“Sittin here with my tears
All alone with my fears
I’m wonderin if I have to do
Without you.” – Janet Jackson
“How are you feeling today?” I asked the young lady while I scanned the last of her items.
“Really alone,” she whispered.
Beat. “What’s that?” I asked.
I knew what she said, but for some reason I asked again. I thought about validating her response with: “I get it, I really do. I’ve been to hell and back when it comes to isolation. There are some useful online resources out there for mental health, though.”
But, I figured that was too much and might come off as insincere from a neighborhood cashier.
I gulped my words and looked at her lowered amber eyes as she dryly replied: “It’s just really hard these days.”
That broke me.
Time was up.
I handed her the bags and kicked myself a little. Her friend had the same melancholy tone as I scanned her few items. Both long-haired women were clad in gray sweatpants and oversized hoodies. Their faces sullen, pale. They appeared to have missed a few showers. They looked wholly troubled.
I wondered if they at least hugged each other or if the resounding ache of loneliness had reached their bones and joints. If they had run out of love to give in a world overflowing with fear. I still think about them. About the mom who got laid off from her job at the spa (she and her husband are raising three kids and burning through their savings account).
About the elderly couple that comes through my lane each week. They’re always kind and have helped me refine my small talk skills with every conversation about canned soup.
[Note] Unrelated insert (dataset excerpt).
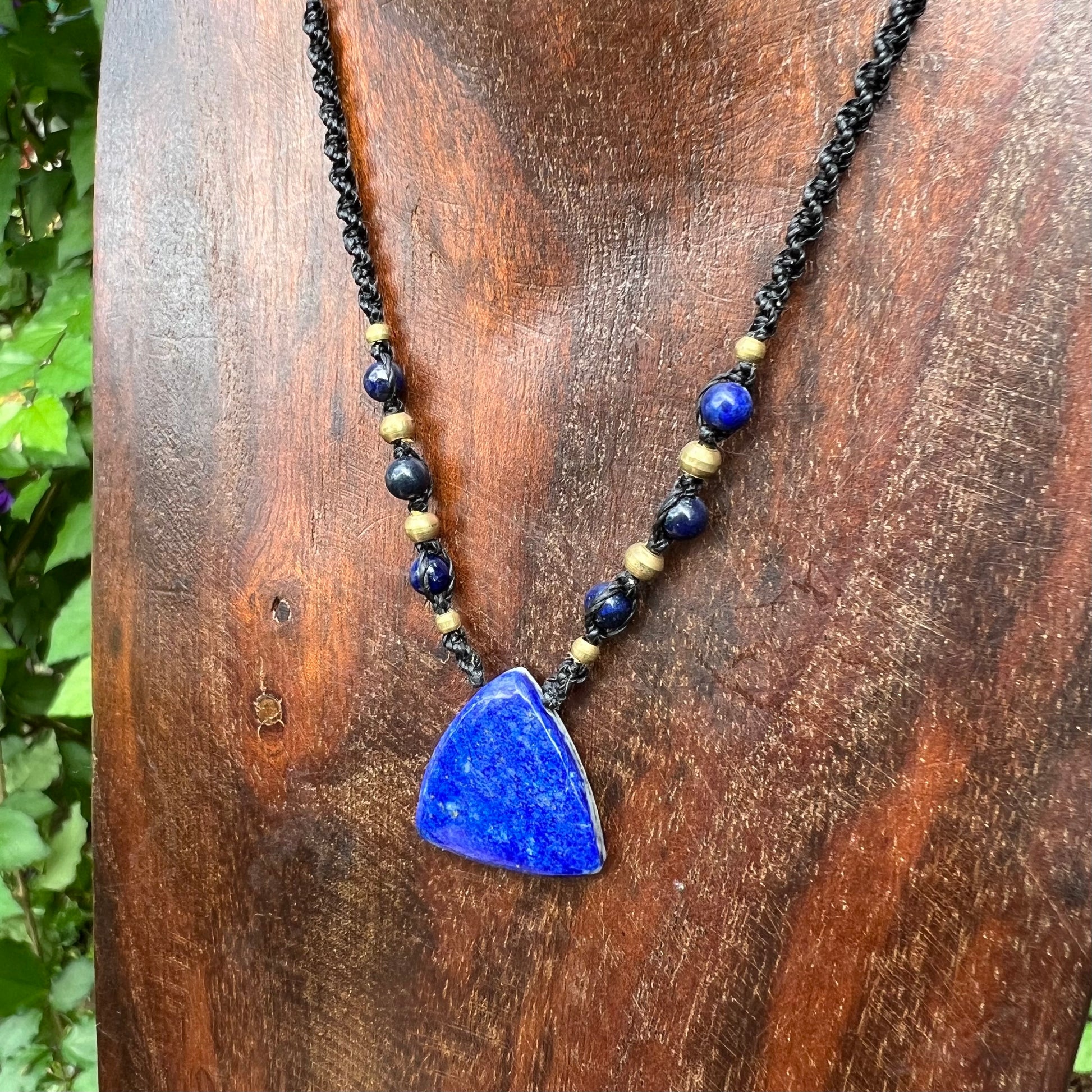 • The necklace ends have been finished with Lapis Lazuli and Brass beading

I think about the people who still haven’t found toilet paper and miss out every time we get a new shipment of hand sanitizer.
I want to help them all, console them all, meet them with an embrace unencumbered by protective barriers because my bones don’t ache. Not anymore. Not today.
I was self-quarantined long before this crisis — one of the small blessings from having had a manic episode.
I’ve mastered crafting worlds within the confines of eggshell colored apartment walls. I’ve had too much time to revisit every mistake I’ve ever made, to go so deep into wounds that I choke.
Too much time to swear at God. To cry myself to sleep.
Isolation can do this to you, even if you live with people who fiercely love you. And so, I feel the pain of the person I’ve never met, who’s lonely and unsure and full of shame over losing their job, or worried about life after graduation, or anxious about how they’ll support their undocumented family members, or really missing their grandparents they can’t even travel to visit. But in no way does this mean I know exactly what they’re going through because suffering varies like snowflakes and it’s cold out here. One thing I’ve learned about the wintery mix of heartbreak and uncertainty is we can get caught up with hourglasses. Time becomes an enemy because we spend so much of it wishing things would return back to normal, or trying to adjust to a new normal.
There is no right answer, but there are plenty of unhelpful answers.
It’s unhelpful to beat ourselves up. It’s unhelpful to further isolate. It’s unhelpful to stuff hope in the back of the fridge. Unhelpful isn’t wrong, but it sinks you. It fools you into thinking you’re helping when you’re hurting. On the flip, reaching out seems like a chore and like something ineffective. How does connecting with someone else improve anything when they’re going through what I’m going through? Positive self-talk feels empty. It’s not putting food on the table! Hope? Where was hope when my friend died? Do you see the spiral, the caught-up-ness of it all? It becomes a perpetual nightmare and we begin to implode — not all at once — slowly, on our own, but in plain sight. I don’t want that for you.
I want you to overcome and get through this and know this midnight isn’t forever. We cannot turn this car around, there’s no going back, but we will get through this.
Prom still happened. We will get through this.
A couple got married over Facetime. We will get through this.
Several animal shelters are emptying. We will get through this.
Mom and hero, Donna Shaw, sent nurses masks and gloves. We will get through this.
This fine gentleman sang to his girlfriend from outside her nursing home window. We will get through this.
There is value in every single healthy thing you do to ease your ache and connect in a time of 5G this and that. In a time of fake news and real blues. Don’t get too swept up. Pull away from the drama.
We’re all searching for answers, refreshing for updates, grasping for straws where there aren’t any. All of us. And yet, you were never alone (1 Corinthians 3:16). I pray you be reminded of this. Keep praying for my family and I too.